With the wide variety of options for meals at the on-campus dining locations, J2 and Kins, many of our friends have expressed their concerns about having a hard time deciding what to choose to eat. Therefore, we wanted to settle this issue for once and for all.
Essentially, our website personalizes the user's experience by taking into account the user's dietary restrictions and time-of-day for the meal in order to provide a personalized diet plan for a particular meal of the day.
By inspecting a given meal for a given day at a restaurant of choice, we generate the personalized choice of dishes by looking at each dish's dietary restrictions, which is indicated next to the name of each dish. This ensures that all of the recommended dishes will satisfy the user's dietary restrictions. We do this by creating a Python backend to webscrape and analyze the data that communicates with a Javascript/HTML based frontend by using AJAX and Flask.

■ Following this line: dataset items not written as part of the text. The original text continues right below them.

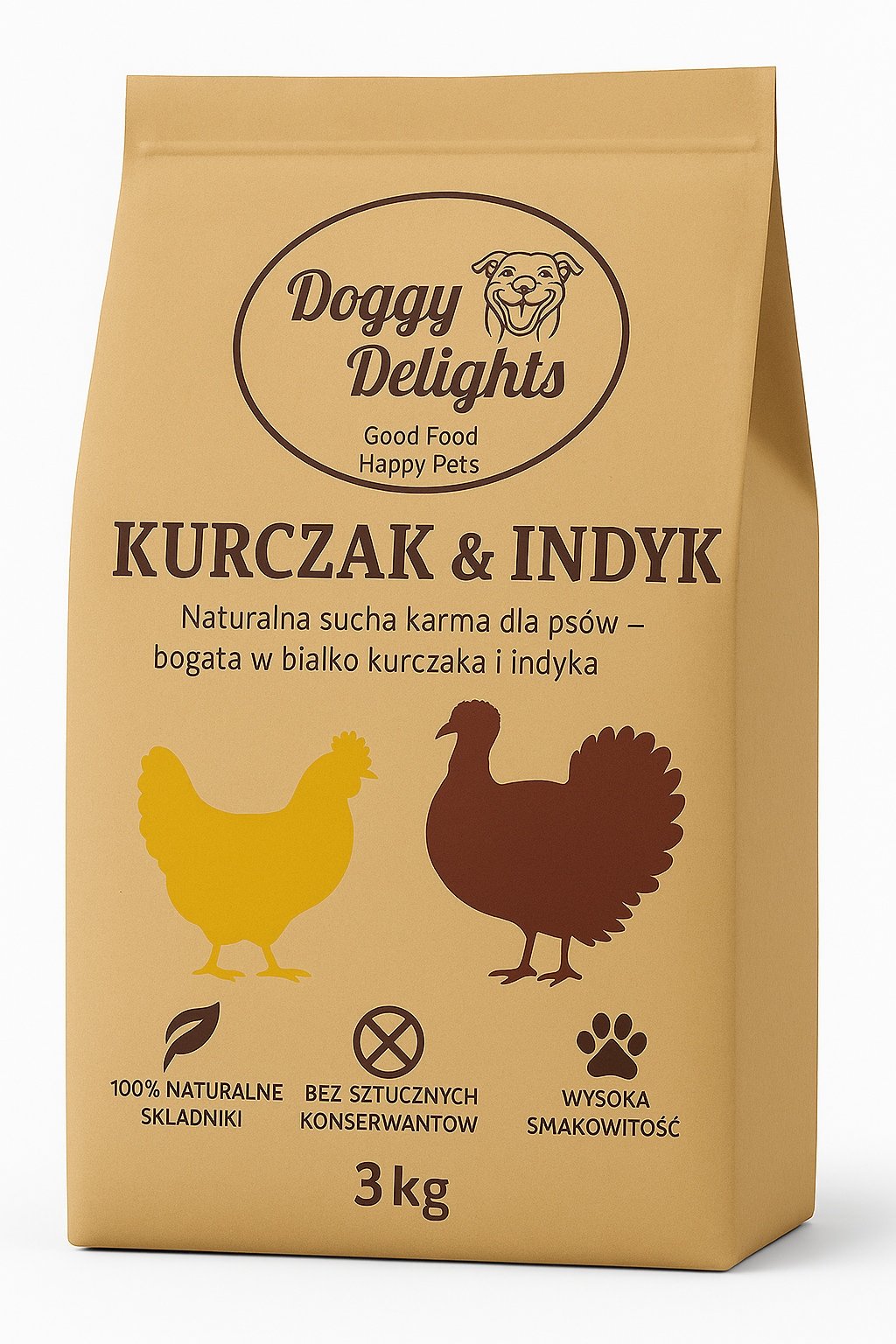 Doggy Delights Kurczak i Indyk – Naturalna sucha karma dla psów
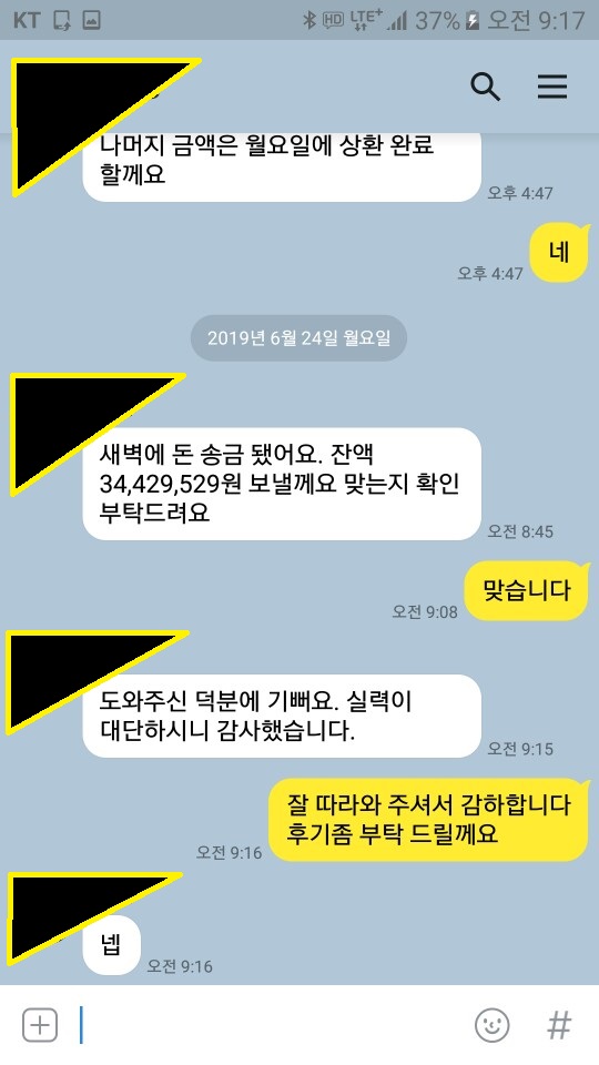 ★통대환 완료 후 실제 고객 문자
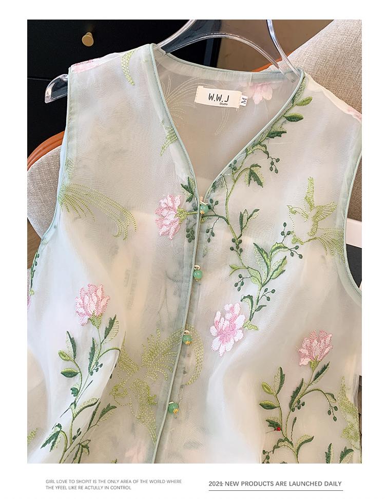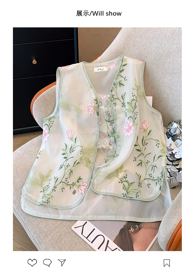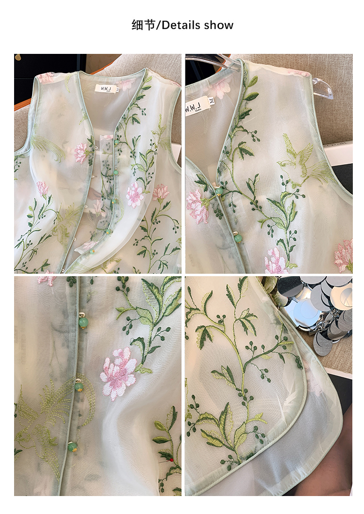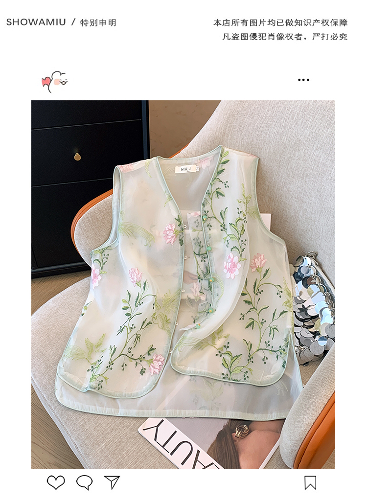 新中式国风刺绣马甲女夏季薄款欧货宽松外穿别致马夹无袖坎肩上衣

There were two categories of challenges that we faced throughout the event - syntax and algorithmic. For the former, although we had experience working on both Javascript and on Python separately, it was our first time trying to connect the two as frontends and backends. For the latter, the default strategy of choosing dishes is to choose randomly out of all possible options based on restrictions, but we did try to employ some sort of machine learning model to make the caloric inputs work out better, and this was slightly more of a challenge because of time.
The biggest thing that we're proud of is that we have a fully functional web app that was able to fully integrate the frontend Javascript and the backend Python.
We learned several different methods for integrating frontend and backend, including Flask.
At the moment, we only support the menus from J2; however, we plan to extend this to Kins Dining in the near future, along with several other on-campus dining restaurants, including Jester City Limits and Littlefield Patio Cafe.